Extract the text of every entry below exactly; leave images out.

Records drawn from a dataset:
____
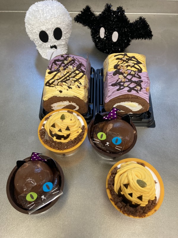 「さて、気を取り直して。カボチャのロールケーキとカボチャのプリン、チョコのプリンですね。甘そうで美味しそうです」
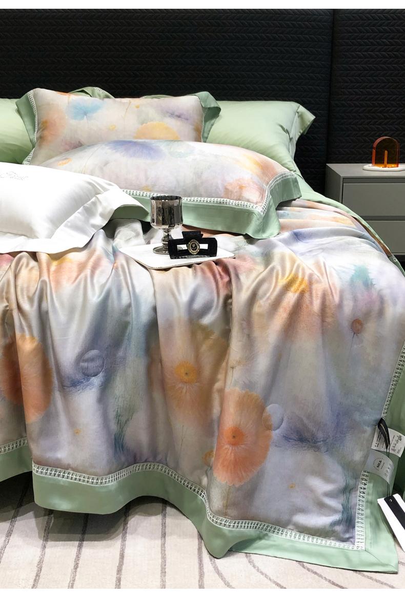 黑白森林2024款 50X50S高支天丝棉数码印花四件套天丝全棉,格伦黄,格伦绿,若瑶灰,羽笛蓝
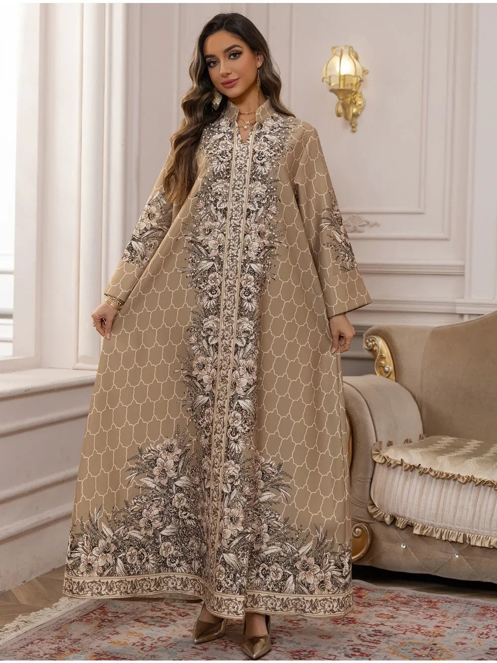 Muslim Dress Women Abaya for Eid Diamond Party Dresses Arab Long Robe Print Abayas Dubai Morocco Kaftan Islam Jalabiya Vestidos
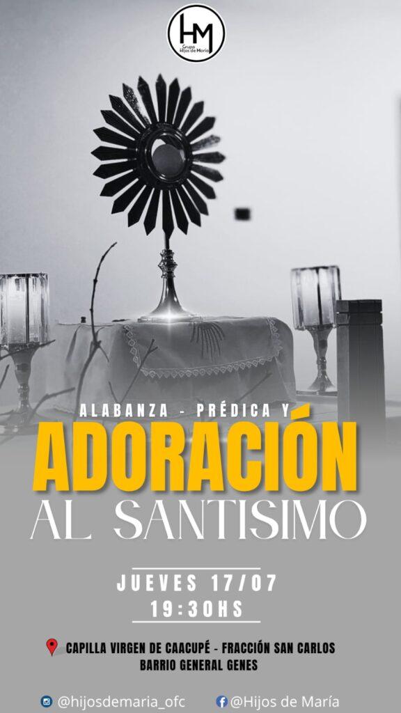 El Grupo Hijos de María invita a toda la comunidad a participar de una noche de profunda intimidad con el Señor, a través de un encuentro de Alabanza, Predicación y Adoración al Santísimo Sacramento del Altar.
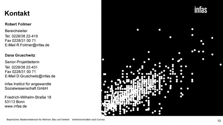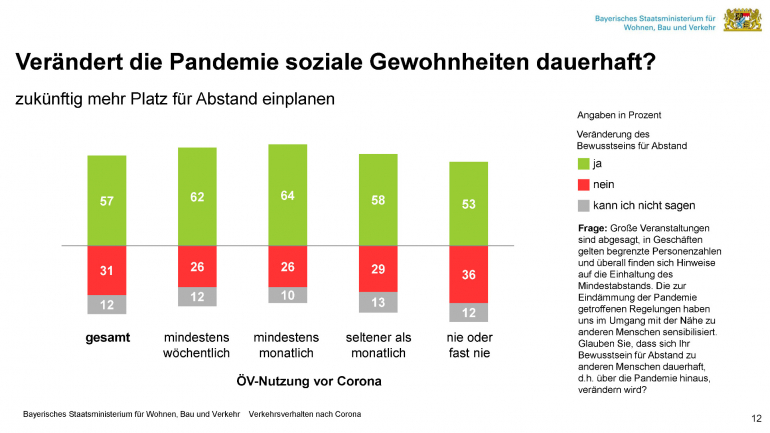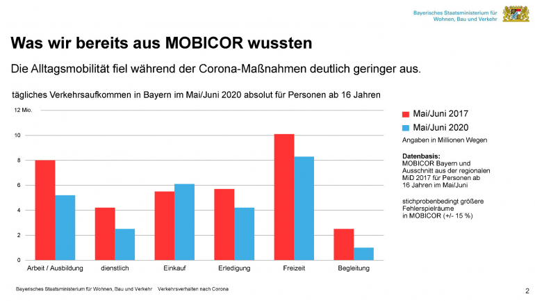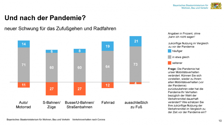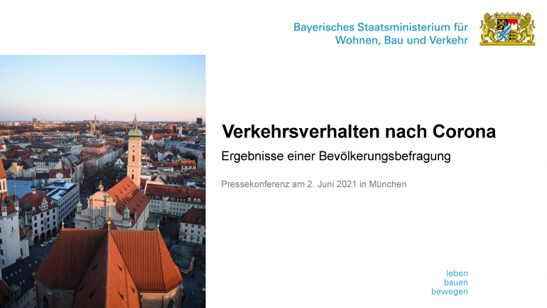 Die Studie „Verkehrsverhalten nach Corona“ hat das infas Institut für angewandte Sozialwissenschaften im Auftrag des Bayerischen Staatsministeriums für Wohnen, Bau und Verkehr erstellt. Dafür wurden 1.554 Menschen ab 18 Jahren in Bayern zu Veränderungen im Mobilitätsverhalten und ihren die Erwartungen an die Alltagsmobilität in einer Zeit nach der Corona-Pandemie befragt. Die Interviews haben als Online-Befragung im April 2021 stattgefunden.
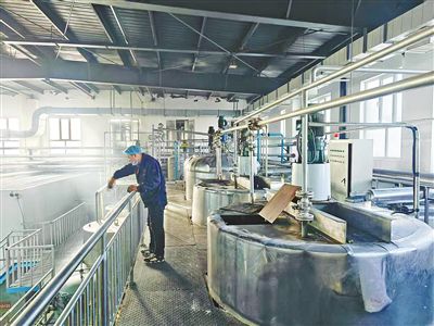 内蒙古富健源食品科技公司工人在生产车间观察水洗罐中半成品油液位和温度控制情况。受访者供图
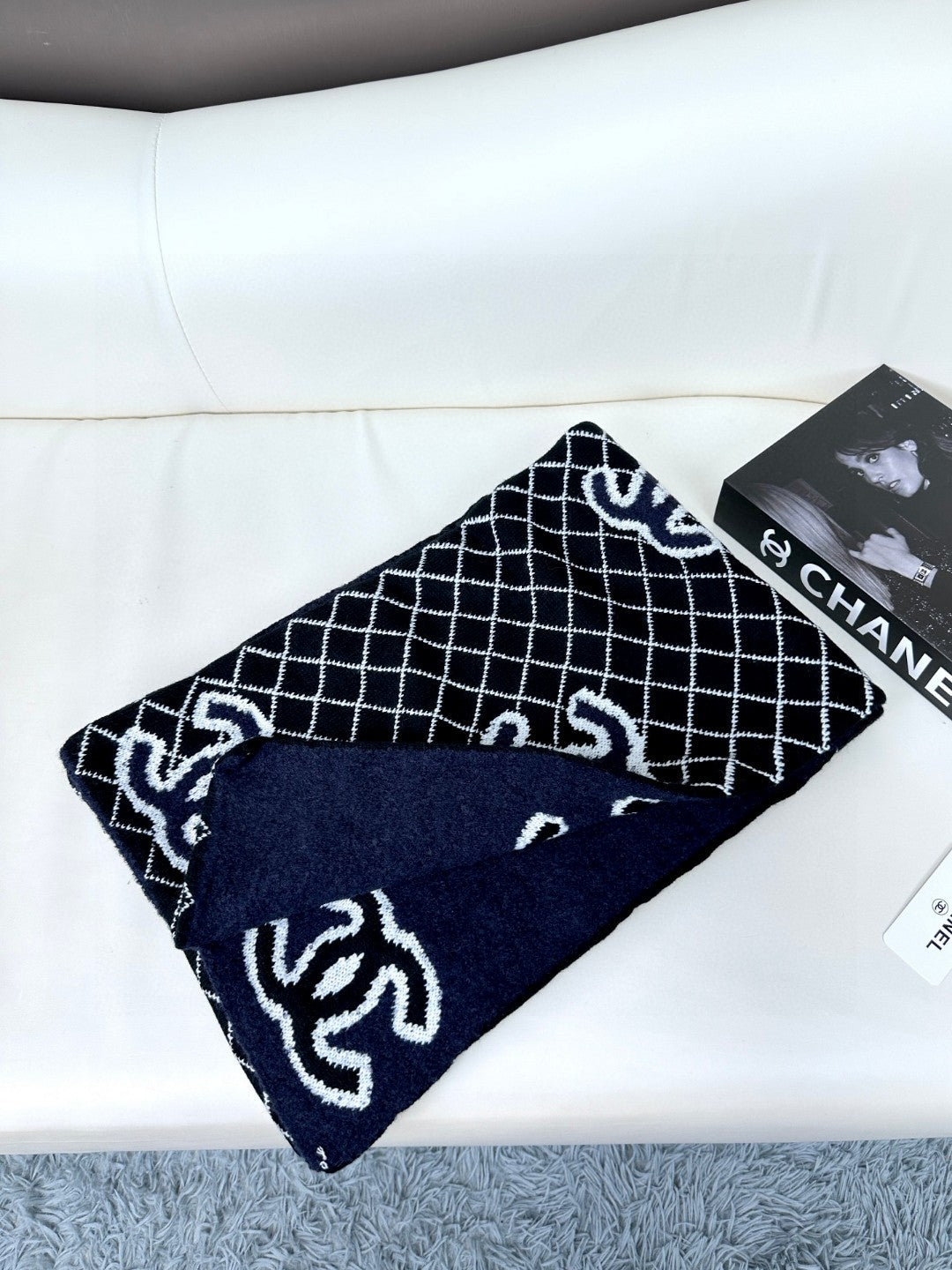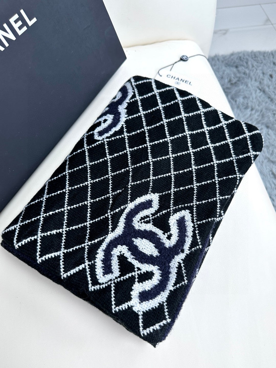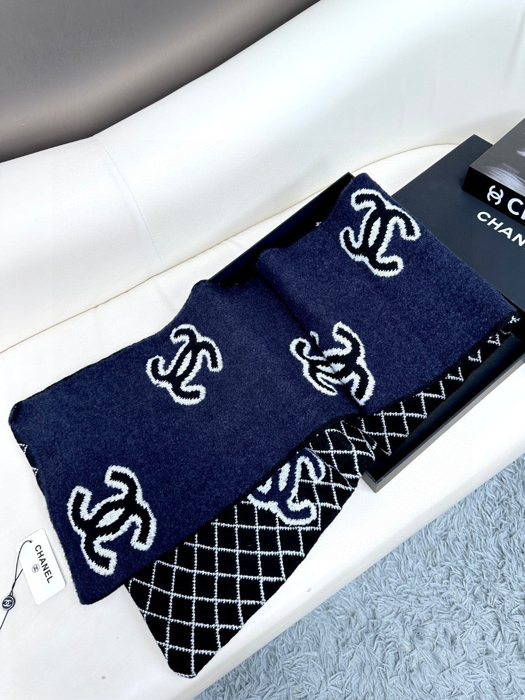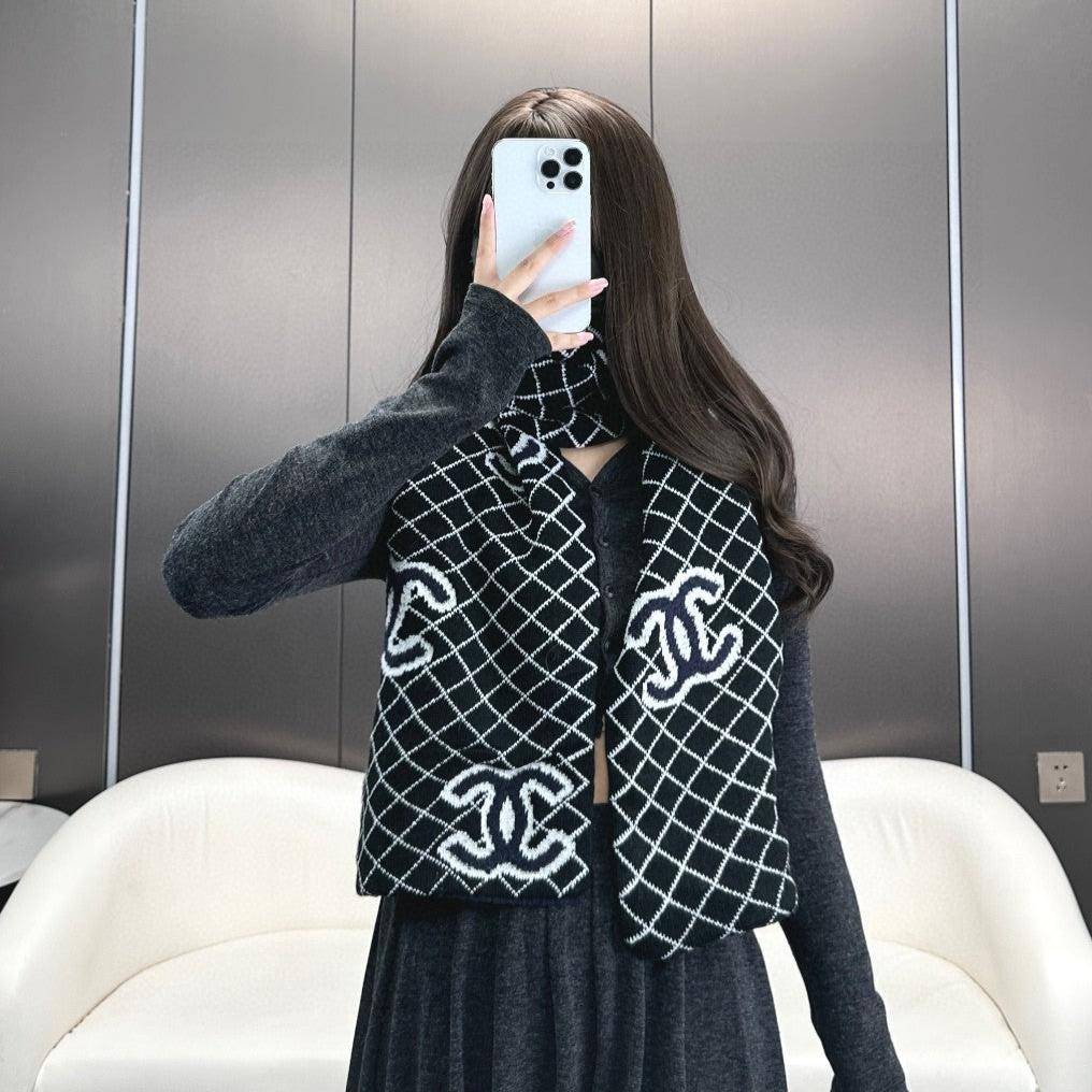 CC Scarf 185 CM In Black Mix Charcoal Blue Cashmere Wool 410150
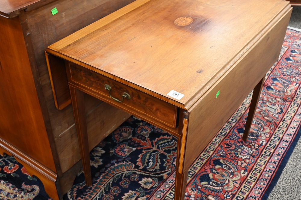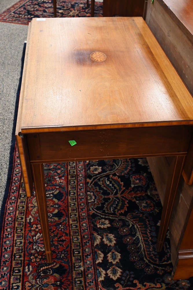 Lot 364: Federal Mahogany Pembroke Table having a drawer on inlaid square tapered legs, top with oval floral inlay circa 1800 sunbleached height 28 1/2 inches, top closed 20 x 32 inches Provenance: Fifty Year Personal Collection of Clocks and American Antiques from Thomas Bailey, Manchester, Connecticut.
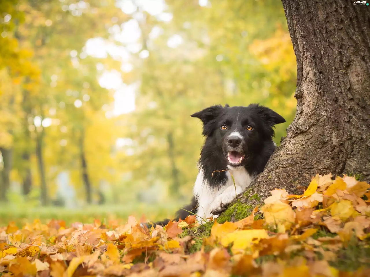 Border Collie, autumn, trees
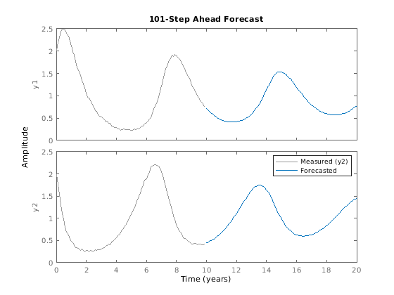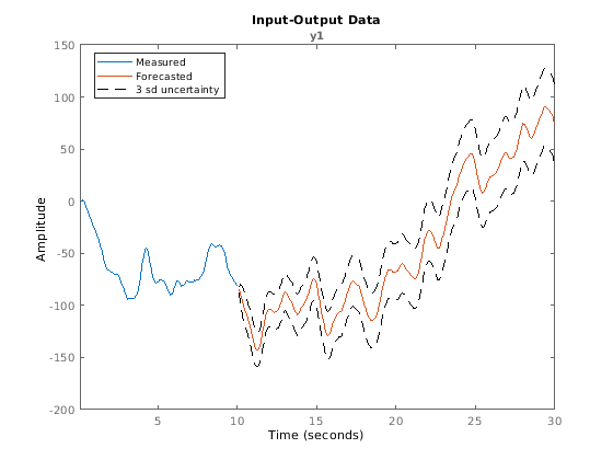 предсказывает выход идентифицированной модели yf = forecast(sys,PastData,K)sys временных рядовK шаги в будущее с помощью прошлых результатов измерений, PastData.
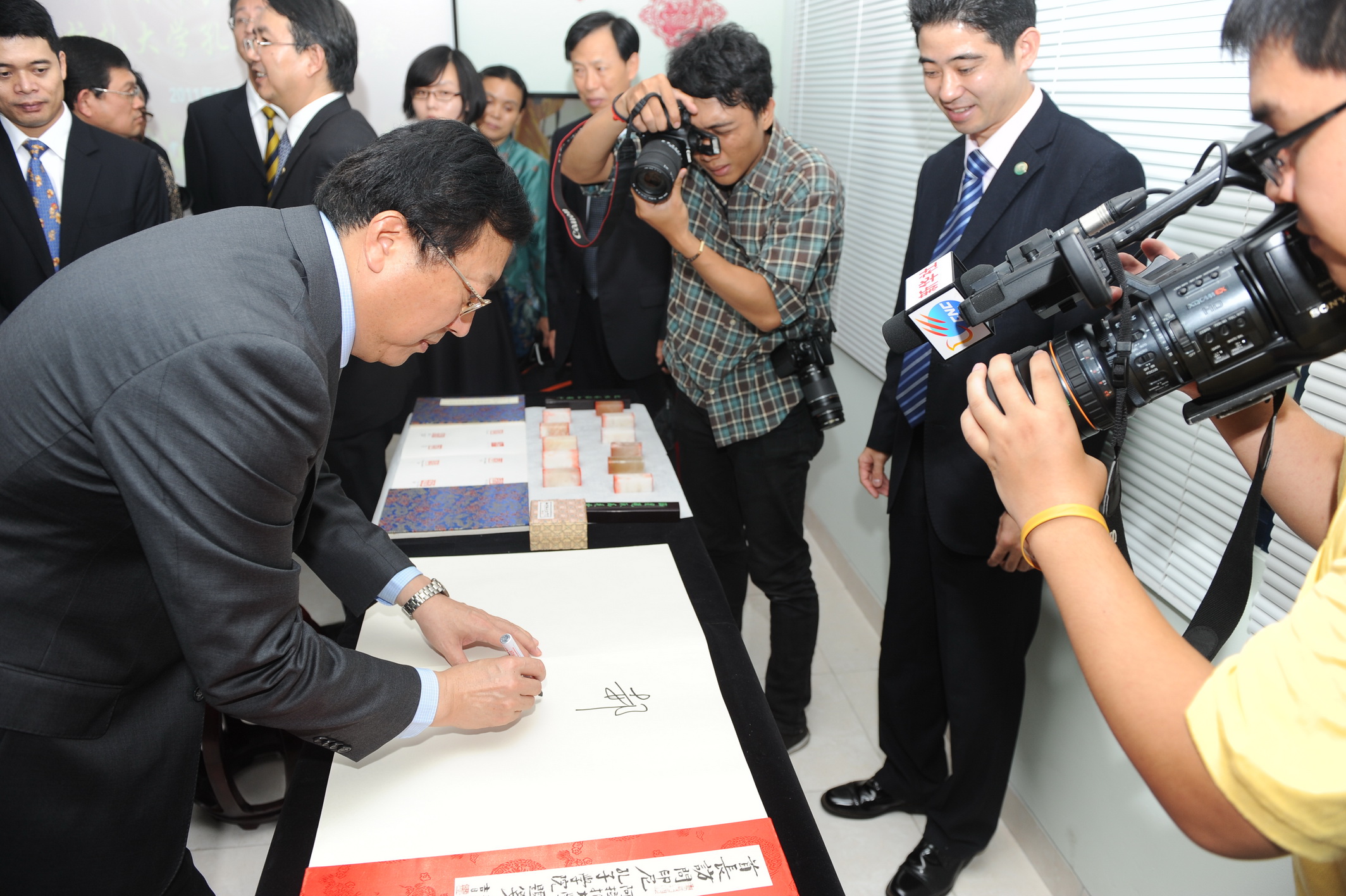 随后,郝平一行来到由印尼侨领黄双安捐建的阿拉扎大学孔子学院专用办学场所视察工作。在参观了孔子学院办学成果图片展后,他对学院在不到一年的时间内取得的显著成绩表示钦佩。郝平一行观摩了孔子学院课堂教学,参观了孔子学院办公室和中国文化阅览室。他认真观看了阿拉扎大学孔子学院学生的篆刻印章和篆刻作品集,对印尼学生能够在短短两天的时间内完成篆刻作品给予了很高的赞誉,并欣然为孔子学院题名留念。
____
> **Exercise answer**
 「さて、気を取り直して。カボチャのロールケーキとカボチャのプリン、チョコのプリンですね。甘そうで美味しそうです」
 黑白森林2024款 50X50S高支天丝棉数码印花四件套天丝全棉,格伦黄,格伦绿,若瑶灰,羽笛蓝
 Muslim Dress Women Abaya for Eid Diamond Party Dresses Arab Long Robe Print Abayas Dubai Morocco Kaftan Islam Jalabiya Vestidos
 El Grupo Hijos de María invita a toda la comunidad a participar de una noche de profunda intimidad con el Señor, a través de un encuentro de Alabanza, Predicación y Adoración al Santísimo Sacramento del Altar.
 Die Studie „Verkehrsverhalten nach Corona“ hat das infas Institut für angewandte Sozialwissenschaften im Auftrag des Bayerischen Staatsministeriums für Wohnen, Bau und Verkehr erstellt. Dafür wurden 1.554 Menschen ab 18 Jahren in Bayern zu Veränderungen im Mobilitätsverhalten und ihren die Erwartungen an die Alltagsmobilität in einer Zeit nach der Corona-Pandemie befragt. Die Interviews haben als Online-Befragung im April 2021 stattgefunden.
 内蒙古富健源食品科技公司工人在生产车间观察水洗罐中半成品油液位和温度控制情况。受访者供图
 CC Scarf 185 CM In Black Mix Charcoal Blue Cashmere Wool 410150
 Lot 364: Federal Mahogany Pembroke Table having a drawer on inlaid square tapered legs, top with oval floral inlay circa 1800 sunbleached height 28 1/2 inches, top closed 20 x 32 inches Provenance: Fifty Year Personal Collection of Clocks and American Antiques from Thomas Bailey, Manchester, Connecticut.
 Border Collie, autumn, trees
 предсказывает выход идентифицированной модели yf = forecast(sys,PastData,K)sys временных рядовK шаги в будущее с помощью прошлых результатов измерений, PastData.
 随后,郝平一行来到由印尼侨领黄双安捐建的阿拉扎大学孔子学院专用办学场所视察工作。在参观了孔子学院办学成果图片展后,他对学院在不到一年的时间内取得的显著成绩表示钦佩。郝平一行观摩了孔子学院课堂教学,参观了孔子学院办公室和中国文化阅览室。他认真观看了阿拉扎大学孔子学院学生的篆刻印章和篆刻作品集,对印尼学生能够在短短两天的时间内完成篆刻作品给予了很高的赞誉,并欣然为孔子学院题名留念。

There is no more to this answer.